But I realize my knowledge is dated.  Anything else out there now that I should consider?  Looking for something not too expensive (around $20-$30), preferably LED, long battery life, and perhaps with the ability to be swung around like a truncheon if the need arises.


----------



## Carol (Sep 14, 2010)

Xue Sheng and I have a long running joke about me and my broken maglites.  

Personally, I prefer my Surefire....but after being a shift worker for nearly 5 years, I've come to appreciate the importance of having a very good light with you after midnight  

It is pricier than the maglite, but it also produces a much better light in a smaller package.

http://www.americadelivered.com/wp/2008/01/12/cranes-brushstroke-animal-notes/


----------



## yorkshirelad (Sep 15, 2010)

Maglites?

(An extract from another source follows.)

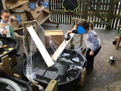 Storytime was a highlight of the week, as we brought the classic tale of the Gingerbread Man to life through our puppet show. The children's eyes sparkled with delight as they retold the story and then got creative in our dough kitchen, crafting their very own gingerbread men. The sweet aroma of freshly baked treats wafted through the air, as we continued the baking theme making mince pies on Wednesday. In our art area, we reinforced our concept of "down" through a series of fun activities, perfectly complemented by our Rhyme Time favourite, "Incy Wincy Spider". As we sang and acted out the song, we explored the idea of rain coming down, which beautifully linked to our learning from the previous week. The children's understanding of this concept grew, and they were able to apply it to various situations, demonstrating their developing problem-solving skills.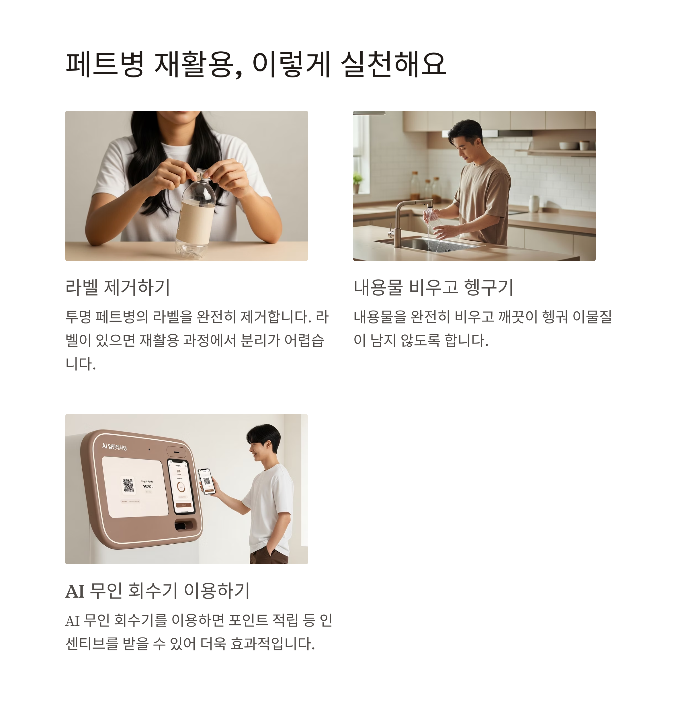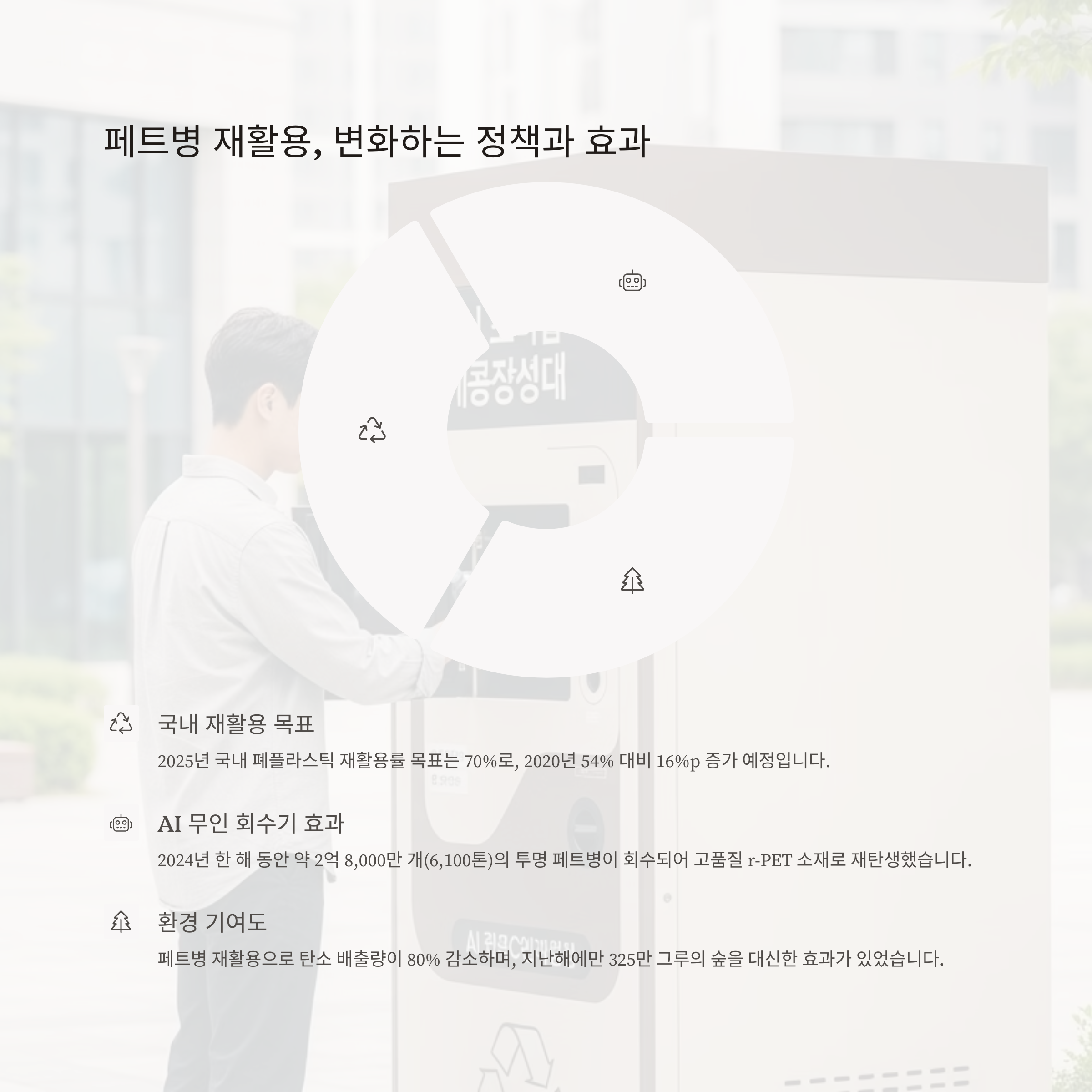 | 페트병 | 국내 재활용률 70% 목표, 6,100톤 수거 | 탄소 배출량 80%↓, 숲 대체 효과 |

Oh yes, I think they're next to the Betamax VCRs in the Smithsonian.


----------



## Brian R. VanCise (Sep 15, 2010)

Like Carol I prefer my Pentagon light! (it is a small light that burns bright like the surfire)


----------



## Bill Mattocks (Sep 15, 2010)

Brian R. VanCise said:


> Like Carol I prefer my Pentagon light! (it is a small light that burns bright like the surfire)



Not quite something you can smack someone upside the punkin haid with though, eh?


----------



## CanuckMA (Sep 15, 2010)

A few things to consider. Light intensity is one, but the ability to use it as a baseball bat is another.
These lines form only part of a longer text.